That has left weekend warriors uninsured if they participate in track days or attend high-performance driving schools. Jerry Kunzman, executive director of the National Auto Sport Association, said that participation at its track events had jumped fivefold since 2003 and that many of those drivers had no idea they were not covered.

“Maybe 25 or 30 percent have done the research, the middle third just assumes they are covered, and the top third just don’t have a clue,” he said.

What’s happened is that many insurers have redefined the term “racing.” Policies have long had exclusions for racing, but it was defined as a “timed event.”

High-performance driver education neatly avoided that definition. Although cars may take laps at top speed, they aren’t timed.

At many schools, including those held by the Porsche Club of America and the BMW Car Club of America, students are required to attend classroom sessions. On the track, drivers get one-on-one tutoring from an instructor under controlled conditions. The cars are generally sent around the track in small groups with passing limited to straightaways — and only when the driver being passed signals that doing so is all right. So because these runs were not timed, many drivers were covered by their normal automobile policies.

That loophole did not escape the attention of insurers — some clubs practically taunted them in their newsletters. “There was a period of time when clubs were openly flouting this. ‘Take driver’s education and your insurance will cover you. Drive your car the way it was meant to be driven,’” said McKeel Hagerty, chief executive of the Hagerty Insurance Agency, an automotive specialty insurer.

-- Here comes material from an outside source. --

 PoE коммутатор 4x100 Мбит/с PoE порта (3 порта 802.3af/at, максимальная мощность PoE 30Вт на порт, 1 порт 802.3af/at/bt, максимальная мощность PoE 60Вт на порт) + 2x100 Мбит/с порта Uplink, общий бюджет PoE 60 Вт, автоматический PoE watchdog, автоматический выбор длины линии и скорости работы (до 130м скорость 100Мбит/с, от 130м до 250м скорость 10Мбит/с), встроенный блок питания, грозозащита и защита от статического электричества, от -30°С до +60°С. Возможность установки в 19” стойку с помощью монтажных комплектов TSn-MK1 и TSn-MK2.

So the industry began to add a new exclusion to its policies in the late 1990s, with most companies adding it within the last few years. Instead of trying to define racing, policies exclude damage at any location that could accommodate racing, timed or not. That eliminated coverage during high-performance driving schools and track days.

Chris Soignier of Austin, Tex., will not be taking his Porsche Cayman to the track, which he had done with his previous cars. When he read his renewal notice from Progressive Insurance last November, he found that the Cayman was not covered on the track.

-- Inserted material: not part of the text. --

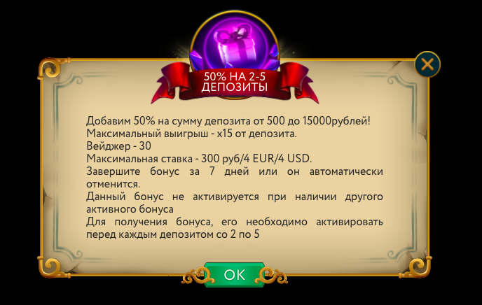 Обращаем внимание, что на бонусах, содержащих исключительно бесплатные вращения, вейджер накладывается на сумму выигрыша с этих вращений.

“I don’t feel like I’m that much at risk, but the magnitude of the loss is too great for me to be comfortable,” he said.

Not all drivers got word of the change, or, like Mr. Soignier, read their new policy. Also, because insurance is regulated by the state, exemptions in Michigan, for example, may differ from those in California.

To make matters worse, asking insurers to clarify coverage could result in a nasty surprise. Mike Barr, a dentist from Palm Beach, Fla., called the insurer USAA to see if his policy covered his Subaru WRX STi on the track.

“Some months later I got a letter from USAA saying they were going to discontinue coverage,” he said.” “They dropped me because I asked about” performance driving schools. “They confirmed it verbally when I called to inquire further.” A USAA spokesman said Dr. Barr was canceled for “several reasons,” but would not elaborate.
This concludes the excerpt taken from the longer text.